The parasitic scattering of various apertures was tested at position S5 and S6 at 13 keV.
Standard beam setup:
S5 - beam defining aperture position
S6 - scatter guard position
The data of the scattering intensity vs. q-plot is normalized to the number of summed up pixels.
SCATEX pinholes for synchrotrons
Synchrotrons provide higher photon fluxes and higher resolution compared to home-lab instrumentations. Thus, apertures used at beamlines need to be of higher quality in order to guarantee a better performance.
At the PTB four-crystal monochromator beamline at BESSY II various apertures were tested at 8 keV with a typical photon flux in the range of 4·109-4·1010 ph/s. The tested apertures were aligned centric into the primary beam to allow a maximum photon flux. The circular beam stop with a diameter of 5 mm absorbs the primary beam, whereas the signal of the parasitic aperture scattering is recorded by the Pilatus 1M detector around the beam stop.

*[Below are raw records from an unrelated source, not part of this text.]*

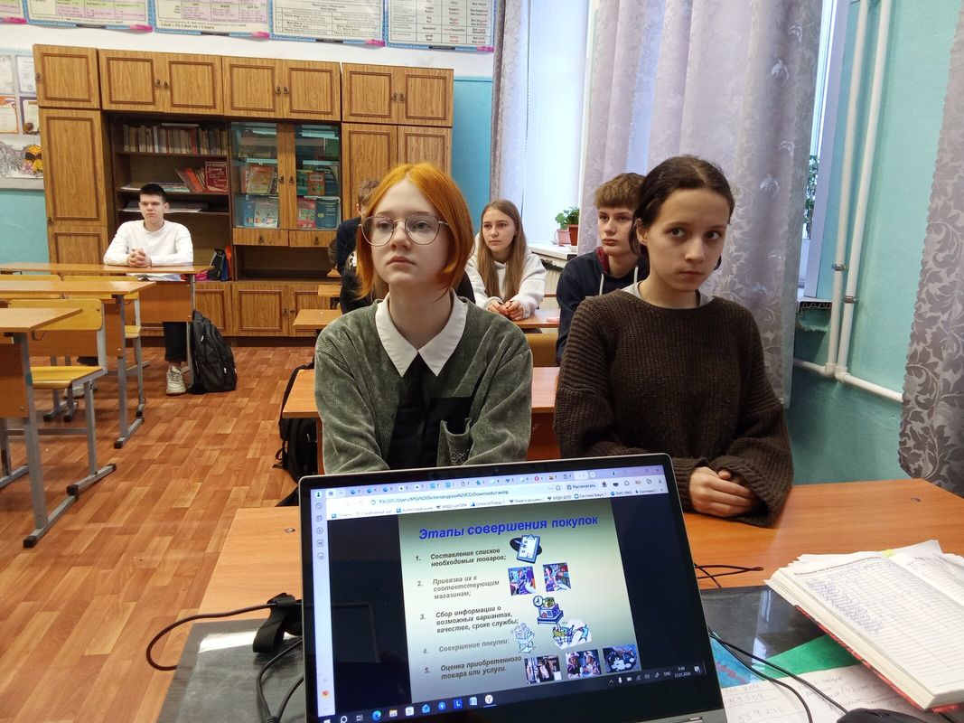 8 класс: «Покупки и планирование покупок». Фокус сместился на потребительское поведение. Ребята анализировали, что такое импульсивные и запланированные покупки, как отличить нужное от желаемого, и разрабатывали алгоритм разумных трат, используя списки и приоритеты.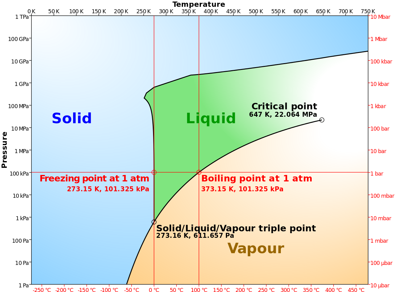 On a pressure/temperature phase diagram (see figure), there are curves separating solid from vapor, vapor from liquid, and liquid from solid. These meet at a single point called the triple point, where all three phases can coexist. The triple point is at a temperature of 273.16 K (0.01 °C) and a pressure of 611.657 pascals (0.00604 atm); it is the lowest pressure at which liquid water can exist. Until 2019, the triple point was used to define the Kelvin temperature scale.
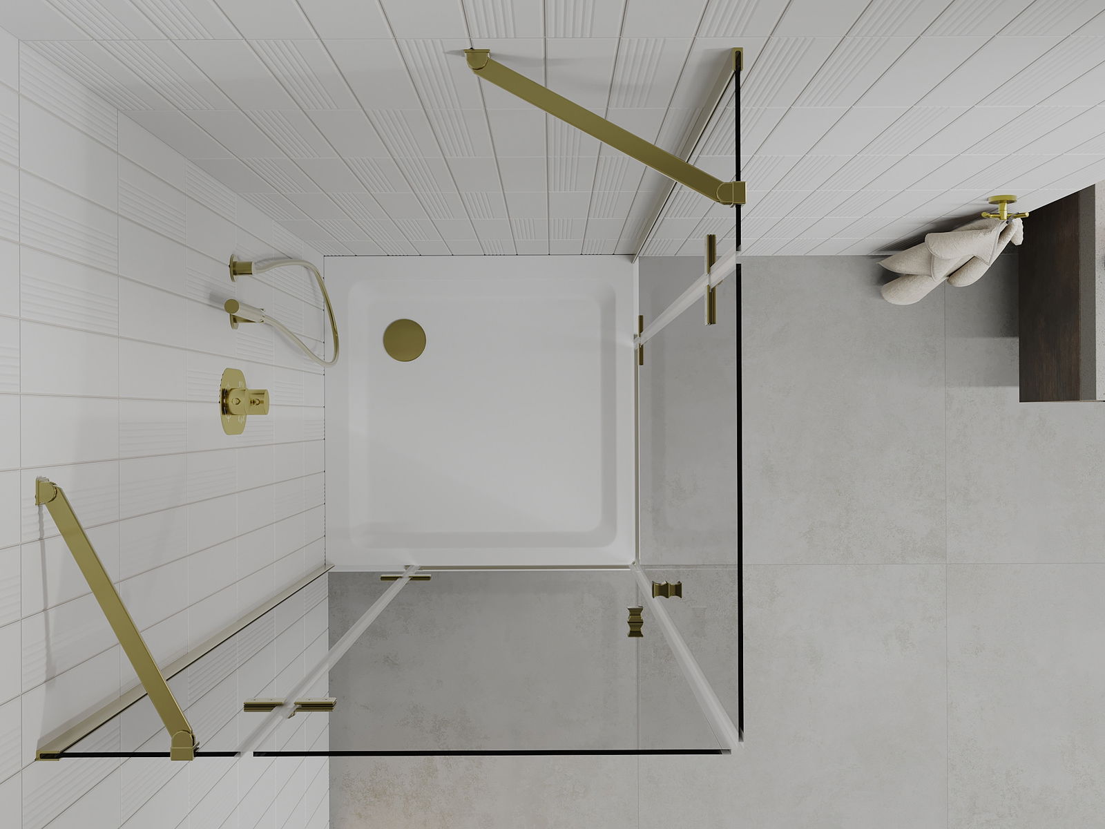 Mexen Roma Duo scharnierende douchecabine 100 x 100 cm, transparant, goud + Flat douchebak - 854-100-100-50-02-4010G

The following apertures were compared: 1) a Cu foil with 500 μm pinhole, 2) a commercially available 500 μm Pt/Ir pinhole and 3) a 520 μm SCATEX pinhole made of Germanium. The detector images have shown that even with a 10 times longer measurement time the SCATEX pinhole causes much less parasitic scattering intensity and scatters much less into the q-space. Furthermore, the scattering pattern of SCATEX is circular, thus showing the high overall structural quality of the pinhole.
The quantitative analysis (scattering intensity vs. q-plot) shows that SCATEX pinholes produce 2-3 orders of magnitude less parasitic scattering and scatter much less into the q-space. The measured parasitic signal was integrated concentrically around the beam stop and normalized to the photon flux upstream of the tested aperture.